I don't know if he still cares for me the same way as before, his eyes pleads me for extension of my existence but his tongue spits the venom which makes my being pestilential of evil thoughts. I wish if he could understand the pain I have been into being a to-be-mother who has been craving to carry her baby in her arms not just in her womb that one day turned out graveyard for it and today when I can feel the curvature of my belly cocooning a semi-grown foetus in it I am doubtful if I will ever be able to hear the word 'Mumma ' from her buccal.

I heard the click of door being unlatched and I knew he is back now but still I failed to muster up my courage and confront him as I was scared that what if his answer is a
' No '. I sat silently taking in the sounds of his footwear created being in contact with the porcelain floor, the swift motion his office bag must have touched the base to produce noise and not to miss on the bang of the bagnio door which expressed the quantity of his fury. I know he is scared, scared of losing me but I can't do what he is expecting me to do after all I am already a mother with my heart if not in an entire sense for worldly frame of it.

Breathing in the particles of confidence that a wife invest in her husband I entered our room where his provoking cologne mixed with air well arousing the womanly desire in me while the hormones played the menace tunes of pregnancy. Shutting my eyes along with the distracting thoughts I sighed and prayed internally if he would understand me. I was deeply engrossed in the world of my thoughts when a freshly used scent of his shower gel invaded the air making me wish to lose myself in his arms when I was skeptical about the same response from him.

"Dev..."I whispered in my soft tone while his no-response attitude persisted as whipped his floppy hair with the towel ignoring my call royally.
I knew he would do that hence I walked further to tap his shoulder that's when he turned atleast with an emotionless face when his eyes held the same fear wrapped in plead.

"You want anything?"he spoke in a cold voice as I nodded my head immediately.

"I want my Dev-the same caring dev he was a day before;Can you get me?"

" You would eventually lose him after two to three months then what's the need for now?"saying so he walked past me making guilt bud inside my heart too heavy for my lungs to breathe without a lump.

"Dev,please. You know it's not in my hand." I stated helplessly trying my level best to control the tears which were on the verge to kiss my cheeks blurring my view in the process.

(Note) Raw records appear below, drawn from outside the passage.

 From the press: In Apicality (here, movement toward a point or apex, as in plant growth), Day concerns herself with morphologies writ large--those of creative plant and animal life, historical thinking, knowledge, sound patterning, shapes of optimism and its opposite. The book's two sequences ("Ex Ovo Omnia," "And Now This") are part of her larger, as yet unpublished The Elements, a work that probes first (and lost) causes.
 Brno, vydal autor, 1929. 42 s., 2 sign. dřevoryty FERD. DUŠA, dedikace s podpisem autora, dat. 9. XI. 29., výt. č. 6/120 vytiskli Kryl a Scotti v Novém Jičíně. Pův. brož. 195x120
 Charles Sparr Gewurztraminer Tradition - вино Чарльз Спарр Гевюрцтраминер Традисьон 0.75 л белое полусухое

"It is still in your hands but the problem is you don't want to opt for it."he said turning around with his eyes emitting flames of his fury.

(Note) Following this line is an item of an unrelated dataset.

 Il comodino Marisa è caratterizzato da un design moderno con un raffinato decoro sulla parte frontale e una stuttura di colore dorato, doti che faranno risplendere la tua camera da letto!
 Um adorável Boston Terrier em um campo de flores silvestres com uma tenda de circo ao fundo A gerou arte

"Dev, I have lost my babies thrice with my womb serving as a graveyard to their souls. I can't abort this one!"I shouted being frustrated of the games destiny made me pawn to.

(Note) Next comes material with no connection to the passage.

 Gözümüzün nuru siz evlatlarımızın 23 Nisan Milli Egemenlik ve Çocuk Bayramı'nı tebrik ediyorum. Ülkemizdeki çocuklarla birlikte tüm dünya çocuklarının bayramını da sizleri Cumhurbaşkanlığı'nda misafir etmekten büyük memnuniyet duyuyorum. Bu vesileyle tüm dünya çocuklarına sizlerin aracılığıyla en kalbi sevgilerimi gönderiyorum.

"Our babies, they were mine as well Sona but in any of the past cases I didn't had the courage to risk your life and so with this one.We still have an opportunity to go for surrogacy."He contradicted.

"We can Dev but I don't want to.."saying so my welled up tears broke into the burst of fall recalling the past
events and the haunting words.

"Why don't to understand that how much important you are to me?" He said with the lump in his throat as all I did was to crash down in his arms but they didn't coiled over my frame instead his hard protuded chest of pride turned into a stone cold fir my tears where his lips didn't reached to kissed them off.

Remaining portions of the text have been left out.